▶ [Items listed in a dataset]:
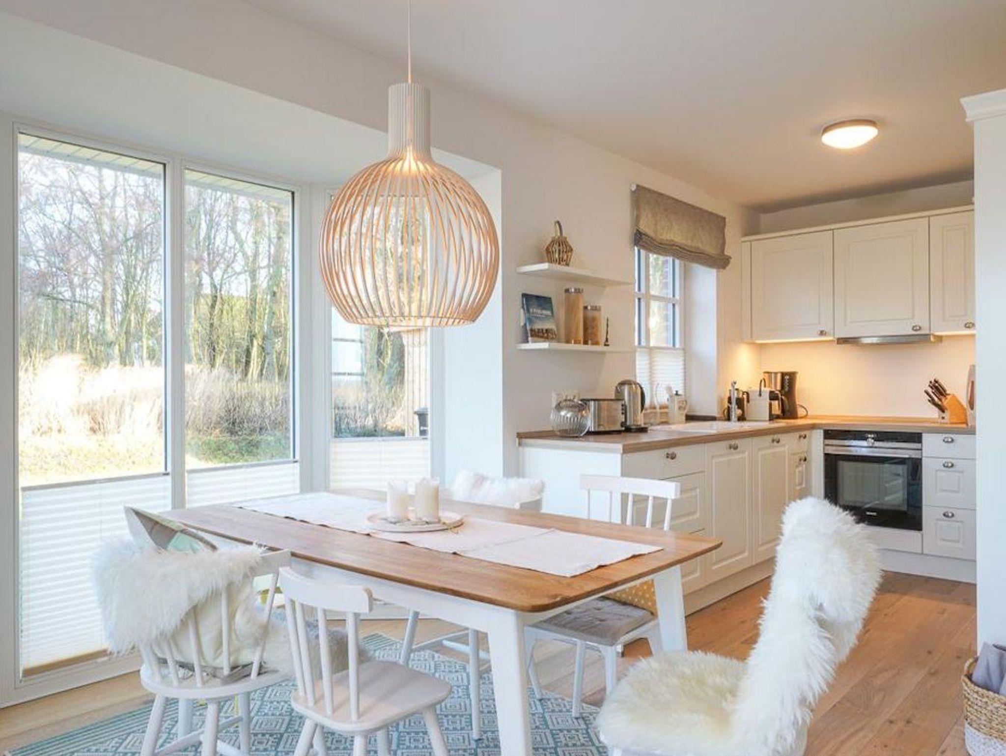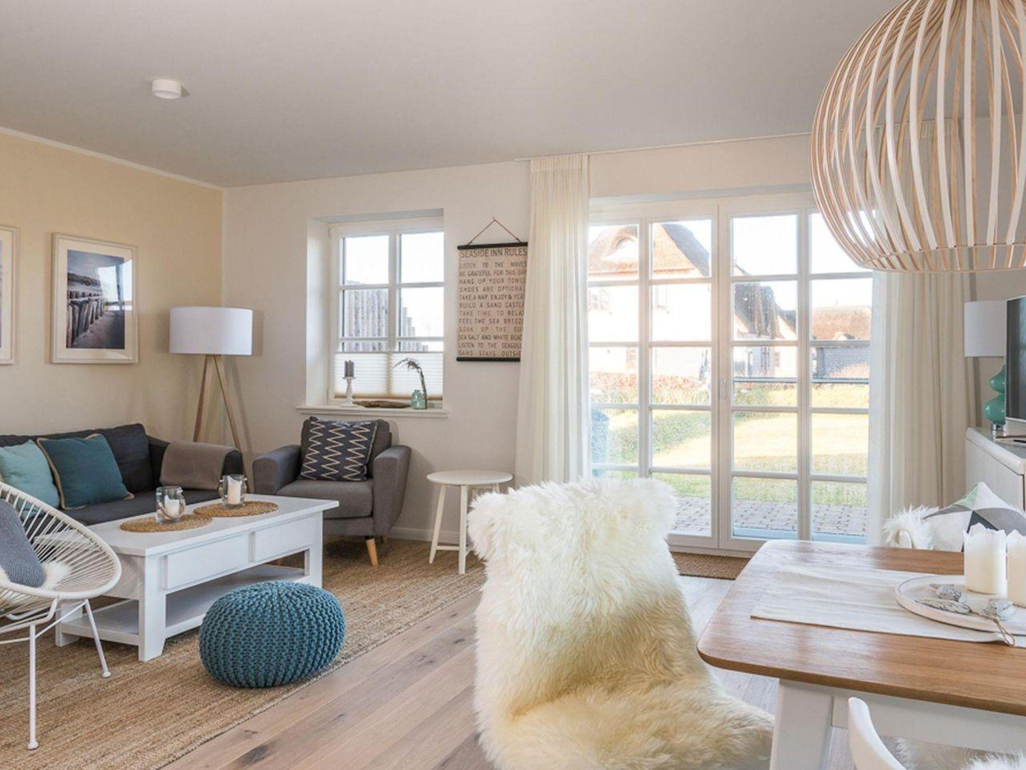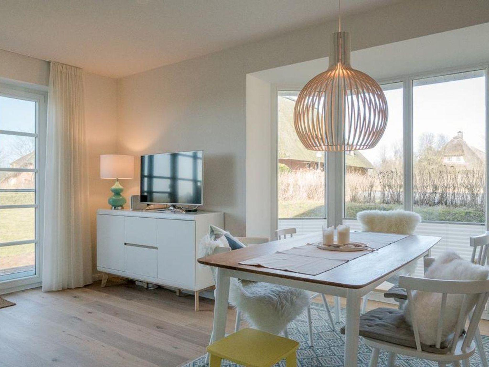 Im Erdgeschoss befindet sich der lichtdurchflutete Wohnraum mit TV, Apple TV, kleine Musikanlage mit Dockingstation für iPhone, Kaminofen, einer offenen Küche sowie einem stilvollen hellen Essbereich mit Blick auf die Düne. Die Wohnräume sind mit exklusiven Möbeln ausgestattet. Die Küche verfügt über hochwertige Elektrogeräte und lässt von der Nespressomaschine über ein Waffeleisen bis zur Salatschleuder keinen Wunsch offen. An den Wohnbereich schließen sich ein Flur mit eingebauter Garderobe, ein Hauswirtschaftsraum mit Waschmaschine und Trockner und ein Duschbad an. Das gesamte Erdgeschoss verfügt über ein hochwertiges weiß gekalktes Eichenparkett, welches über Fußbodenheizung beheizt werden kann.
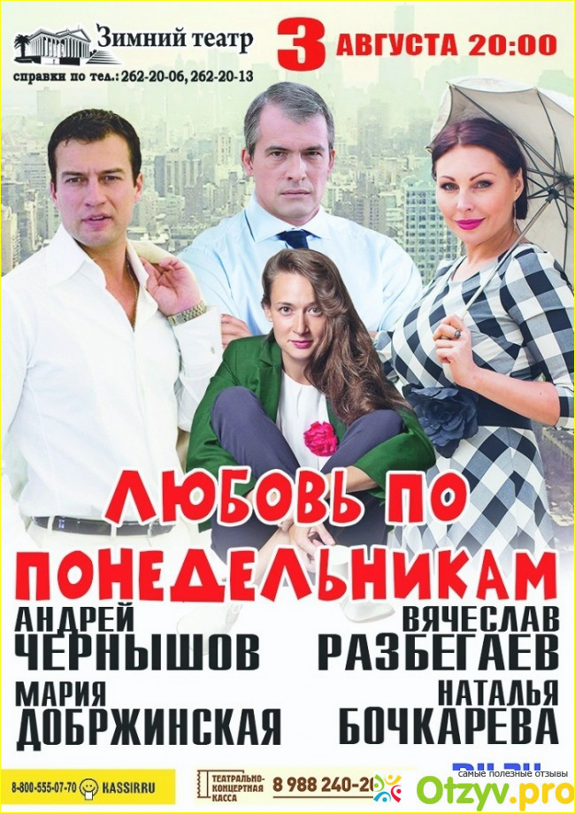 Восхитиельно. ЛЮБОВЬ ПО ПОНЕДЕЛЬНИКАМ ОТЗЫВЫ О СПЕКТАКЛЕ отзывы - развод или правда?
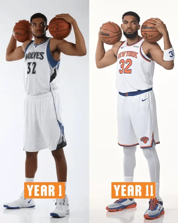虎撲09月26日訊 今日,紐約尼克斯官方更新X,主力曬出球隊杰倫-布倫森、新秀卡爾-安東尼-唐斯、米卡爾-布里奇斯、約什-哈特四名主力球員生涯第一年和本賽季媒體日的對比照片,并配文:
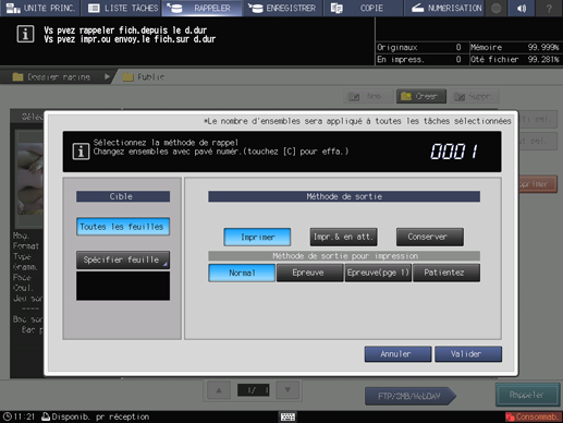 Explication supplémentaireVous pouvez imprimer et mettre en attente un travail enregistré sur le disque dur ou le mettre en attente sans l'imprimer.
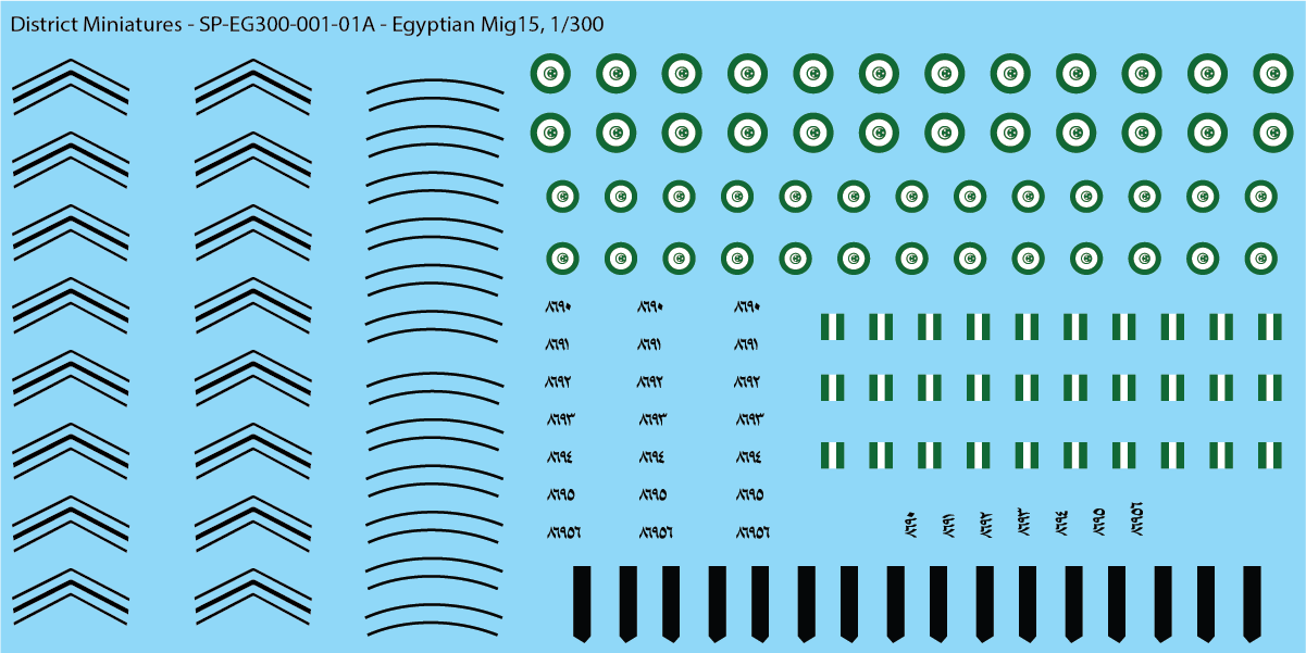 Decals for the Egyptian Air Force Mig15 in the Suez Crisis before the formation of the UAR when the roundels changed. These are meant to fit the Plane Printer Mig15bis model. Each sheet is meant for 6 aircraft + extras just in case.
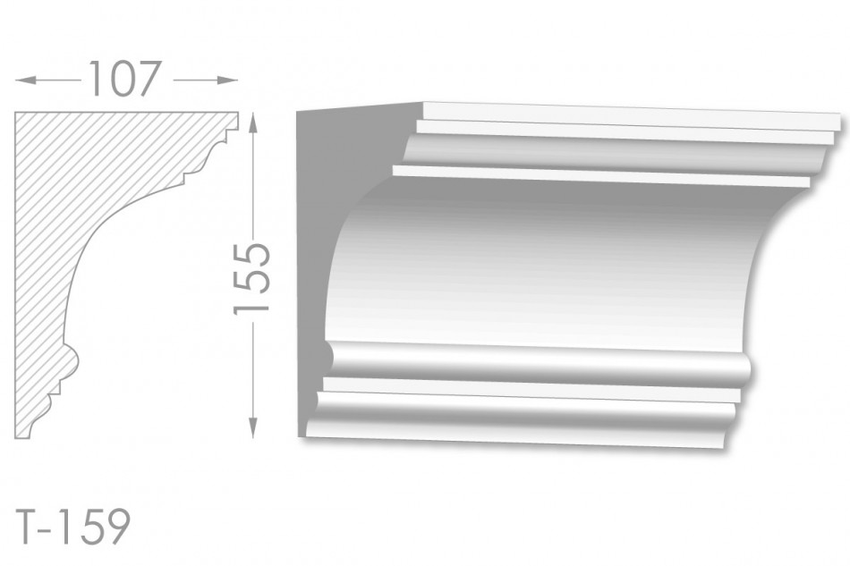 Молдинг – (Тяга) - універсальний декоративний елемент з гіпсу, оригінальної форми, який використовується для кріплення на вертикальну площину. Виріб призначений для декорування внутрішніх стін приміщень. Мета-створення особливого візуального ефекту, зонування стельової області, верхньої частини стін, завершення дизайнерського інтер'єру, внесення «останніх штрихів». Конструкція виконана з якісних матеріалів, колір – білий, відповідний кольору сировини. Молдинг може бути декорований відповідно до обраної колірної гами стилем, пофарбованим в необхідний відтінок. Параметри виробу: висота –155 мм, ширина – 107 мм.
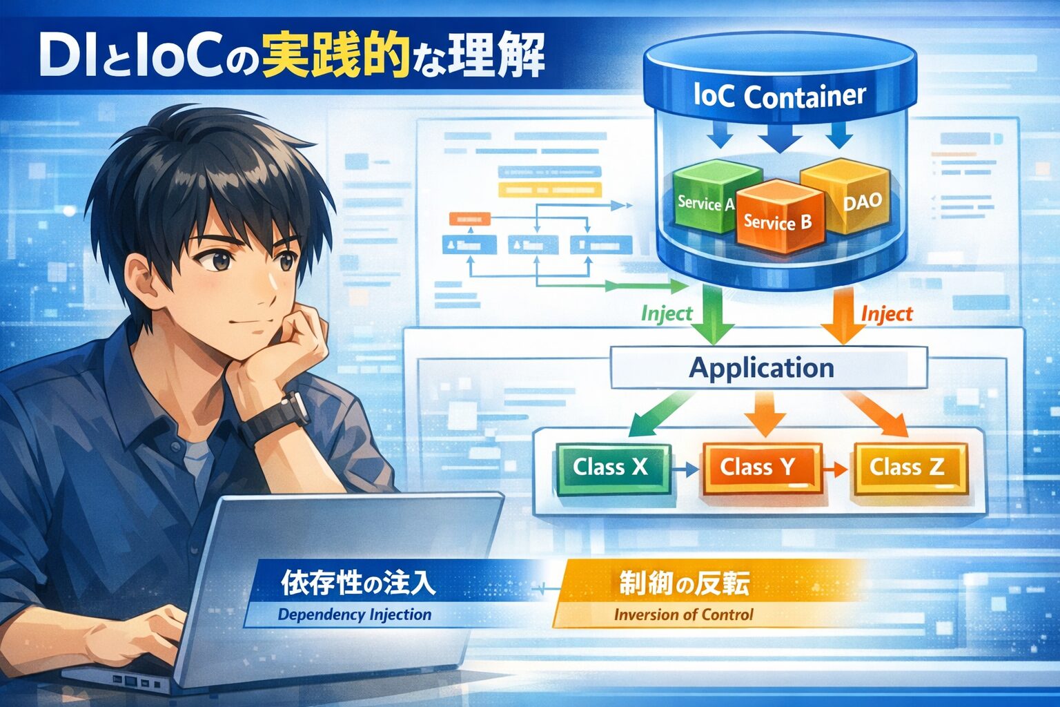 Springの根幹にあるのがIoCコンテナです。従来はクラス内部でnewしていたインスタンス生成をコンテナが管理することで、依存関係の注入が可能になります。
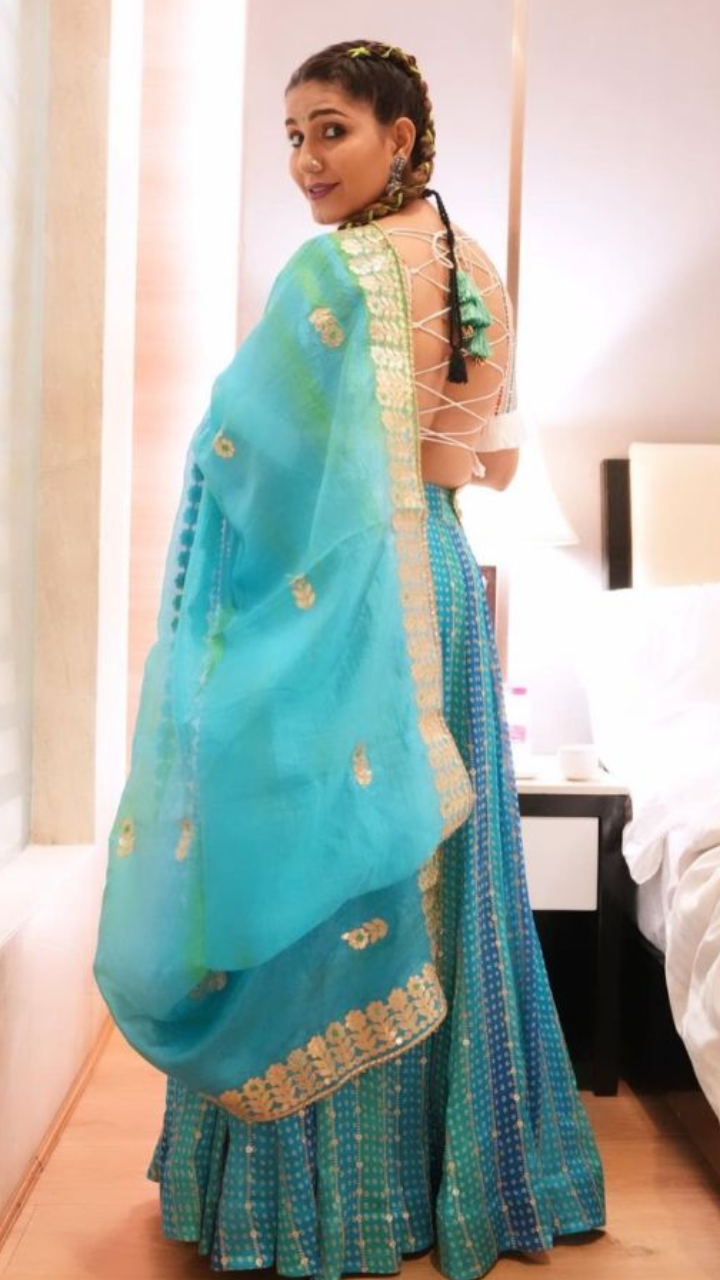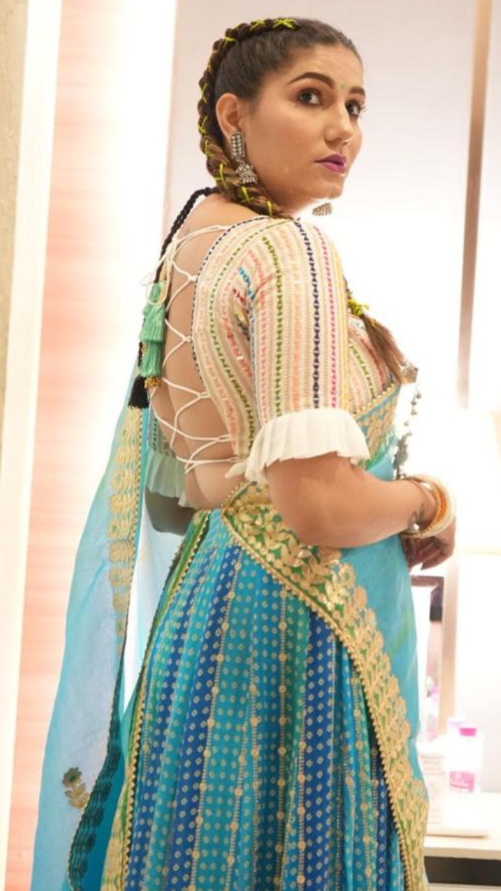 पूरे लुक की बात की जाए तो सपना ने लहंगे के साथ बैकलेस ब्लाउस कैरी किया हैं। साथ ही उन्होंने दो चोटी बनाई हैं।
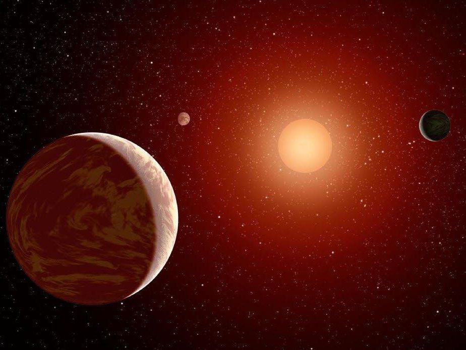Wolf 1061 ist ein roter Zwergstern, der deutlich kleiner und kühler ist als unsere Sonne. Die Astronomen entdeckten insgesamt drei Planeten bei dem roten Zwerg, die ihn jeweils in 5, 18 und 67 Tagen umkreisen. Sie haben mindestens 1,4 Mal, 4,3 Mal und 5,2 Mal soviel Masse wie unsere Erde.
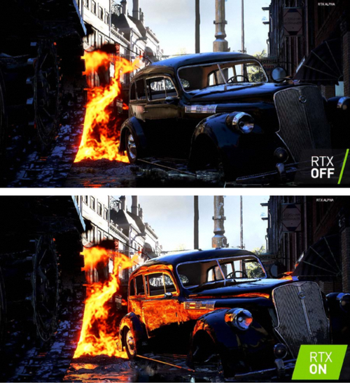 前文我们说到,RT Cores占用了很大的核心面积,而这些单元并不会提升传统的光栅渲染效能。他们的用途要比单独提升游戏的FPS值更有价值。基于这些单元,NVIDIA在这一代显卡产品中加入了酝酿多年的“实时光线追踪”(RTX)技术。这也是为什么这一代显卡产品的命名从“GTX”变成“RTX”的原因。

▶ [YOUR OBJECTIVE]: Leaving out any pictures, write the records above out exactly as they are.

▶ [THE COMPLETED TASK]:
 Im Erdgeschoss befindet sich der lichtdurchflutete Wohnraum mit TV, Apple TV, kleine Musikanlage mit Dockingstation für iPhone, Kaminofen, einer offenen Küche sowie einem stilvollen hellen Essbereich mit Blick auf die Düne. Die Wohnräume sind mit exklusiven Möbeln ausgestattet. Die Küche verfügt über hochwertige Elektrogeräte und lässt von der Nespressomaschine über ein Waffeleisen bis zur Salatschleuder keinen Wunsch offen. An den Wohnbereich schließen sich ein Flur mit eingebauter Garderobe, ein Hauswirtschaftsraum mit Waschmaschine und Trockner und ein Duschbad an. Das gesamte Erdgeschoss verfügt über ein hochwertiges weiß gekalktes Eichenparkett, welches über Fußbodenheizung beheizt werden kann.
 Восхитиельно. ЛЮБОВЬ ПО ПОНЕДЕЛЬНИКАМ ОТЗЫВЫ О СПЕКТАКЛЕ отзывы - развод или правда?
虎撲09月26日訊 今日,紐約尼克斯官方更新X,主力曬出球隊杰倫-布倫森、新秀卡爾-安東尼-唐斯、米卡爾-布里奇斯、約什-哈特四名主力球員生涯第一年和本賽季媒體日的對比照片,并配文:
 Explication supplémentaireVous pouvez imprimer et mettre en attente un travail enregistré sur le disque dur ou le mettre en attente sans l'imprimer.
 Decals for the Egyptian Air Force Mig15 in the Suez Crisis before the formation of the UAR when the roundels changed. These are meant to fit the Plane Printer Mig15bis model. Each sheet is meant for 6 aircraft + extras just in case.
 Молдинг – (Тяга) - універсальний декоративний елемент з гіпсу, оригінальної форми, який використовується для кріплення на вертикальну площину. Виріб призначений для декорування внутрішніх стін приміщень. Мета-створення особливого візуального ефекту, зонування стельової області, верхньої частини стін, завершення дизайнерського інтер'єру, внесення «останніх штрихів». Конструкція виконана з якісних матеріалів, колір – білий, відповідний кольору сировини. Молдинг може бути декорований відповідно до обраної колірної гами стилем, пофарбованим в необхідний відтінок. Параметри виробу: висота –155 мм, ширина – 107 мм.
 Springの根幹にあるのがIoCコンテナです。従来はクラス内部でnewしていたインスタンス生成をコンテナが管理することで、依存関係の注入が可能になります。
 पूरे लुक की बात की जाए तो सपना ने लहंगे के साथ बैकलेस ब्लाउस कैरी किया हैं। साथ ही उन्होंने दो चोटी बनाई हैं।
Wolf 1061 ist ein roter Zwergstern, der deutlich kleiner und kühler ist als unsere Sonne. Die Astronomen entdeckten insgesamt drei Planeten bei dem roten Zwerg, die ihn jeweils in 5, 18 und 67 Tagen umkreisen. Sie haben mindestens 1,4 Mal, 4,3 Mal und 5,2 Mal soviel Masse wie unsere Erde.
 前文我们说到,RT Cores占用了很大的核心面积,而这些单元并不会提升传统的光栅渲染效能。他们的用途要比单独提升游戏的FPS值更有价值。基于这些单元,NVIDIA在这一代显卡产品中加入了酝酿多年的“实时光线追踪”(RTX)技术。这也是为什么这一代显卡产品的命名从“GTX”变成“RTX”的原因。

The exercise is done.